AGI Analogies

February 10, 2018

An increasing number of people are sounding the alarm about the risks posed by artificial general intelligences (AGIs), but I’ve found it hard to viscerally understand the magnitude of the problem. Here are some analogies that I’ve found useful when thinking about the risks of creating an entity massively smarter than we are.

Imagine two cats making an agreement that they won’t run back and forth across a room. No matter what happens, the cats agree to just sit in one place. You can thwart this easily with a laser pointer. Not only are the cats helpless against this attack, they won’t even see it as an attack. A low-level part of their brain will chase the pointer around the carpet, breaking their vow, and to an observing cat it will seem like pure magic.

Note that this type of manipulation is completely unlike how cats would manipulate each other. A cat might try to break the other cat’s vow by tempting it, or convincing it to go over there, but no cat would ever think to develop laser technology and flash a dot from across the room.

An AGI might be as much smarter than us as we are than cats, and it may develop a laser pointer.

Imagine that there’s a wealthy person and you want to convince them to protect you and your family. You want them to feed you and house you and keep you safe. What would you try? You’d come up with a convincing argument, maybe. Appeal to the person’s emotions or ego. You might come up with various ideas for the “attack”, and a wealthy person might come up with various defenses against these attacks.
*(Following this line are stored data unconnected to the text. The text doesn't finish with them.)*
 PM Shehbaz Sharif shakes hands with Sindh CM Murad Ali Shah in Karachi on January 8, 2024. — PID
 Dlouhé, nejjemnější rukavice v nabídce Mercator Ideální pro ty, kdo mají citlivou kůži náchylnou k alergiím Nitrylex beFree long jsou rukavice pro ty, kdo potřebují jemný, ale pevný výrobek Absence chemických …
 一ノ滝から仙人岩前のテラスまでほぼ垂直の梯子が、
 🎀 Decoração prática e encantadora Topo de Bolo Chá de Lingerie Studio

This is not how cows solved the problem. They solved the problem by being delicious. This is not a solution you, as a human, would have thought of. Again, it doesn’t even feel like an attack. You want to protect and house and feed the cows. No human says, “I need to defend myself against the attack of delicious hamburgers.” Yet here we are willingly doing all this work for cows, not to mention damaging the environment and perhaps our health. Corn did an even better job.
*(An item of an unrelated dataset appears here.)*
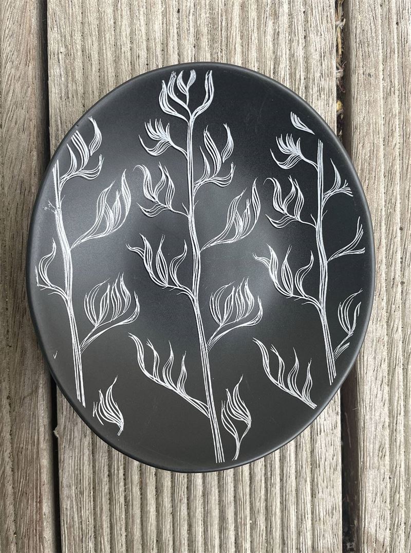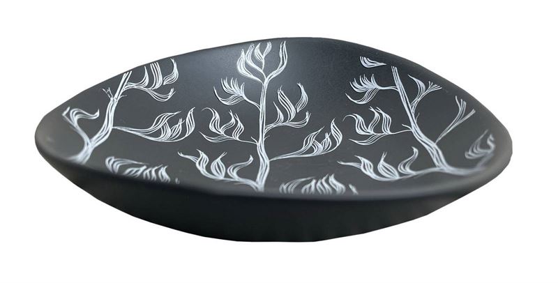 Striking porcelain bowl by Jo Luping featuring luminous white harakeke (flax) motifs against a bold black backdrop. This 10cm vessel celebrates the beauty of imperfection, with subtle variations in form that reflect its artisanal creation. Practical and durable—food-safe, dishwasher and microwave safe with a semi-gloss glazed interior and natural unglazed finish outside. Arrives in thoughtfully designed packaging complete with artist information and design narrative card. A sophisticated gift that honours New Zealand design and cultural artistry.

When people imagine an AGI trying to “get out of the box”, they imagine a very smart human attacking us doing what normal humans do, just smarter, with better arguments. But a laser pointer is not a smarter version of how cats manipulate one another. It is a tactic entirely outside the realm of reality of cats, and they’re 100% helpless against it.
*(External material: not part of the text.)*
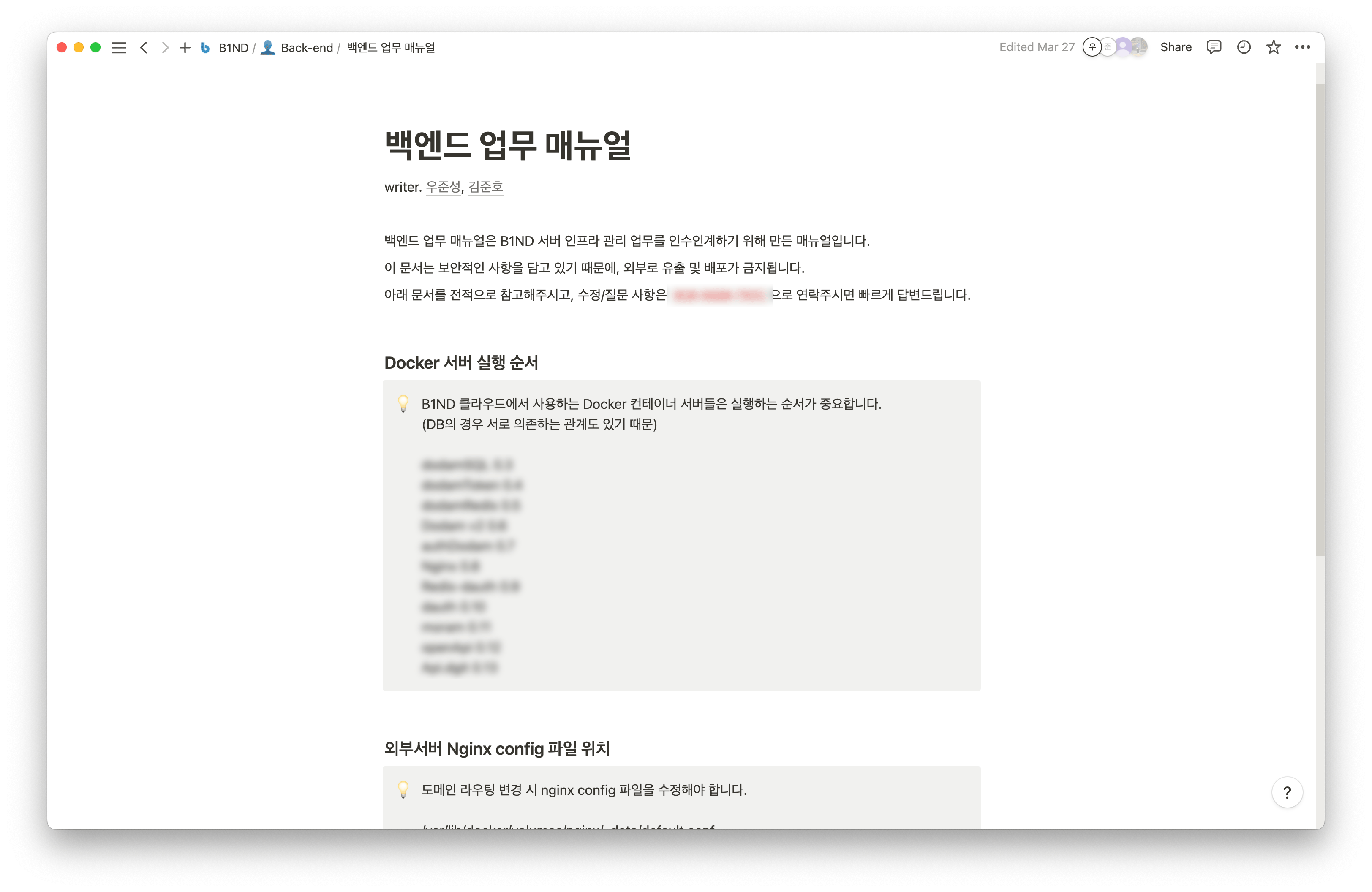 2022년 12월부터 인수인계 활동을 시작했다. 2023년부터는 바인드 7기 친구들이 주도권을 갖고 바인드 동아리를 운영해야 하기에, 개발 및 문화 측면에 있어서 인수인계가 필요하다. 백엔드 팀에서는 이지민 후배와 최수원 후배가 도담도담 백엔드 코드 및 인프라에 대해 전수받았다. 인수인계라고 해서 크게 전수하는 건 없고, 네이버 클라우드 계정 및 도커 인프라 구조, 앞으로의 백엔드팀 방향성 등을 가르쳐줬다.

And we have little defense against the deliciousness of beef. We could defend ourselves against a human-like cow that tried to argue that we should take it in from the wild and feed it and house it. It might have all sorts of reasonable arguments, and we could argue back or at worst just force ourselves to ignore it. But we don’t even want to ignore hamburgers. We even feel bad for the way that we house and feed cows!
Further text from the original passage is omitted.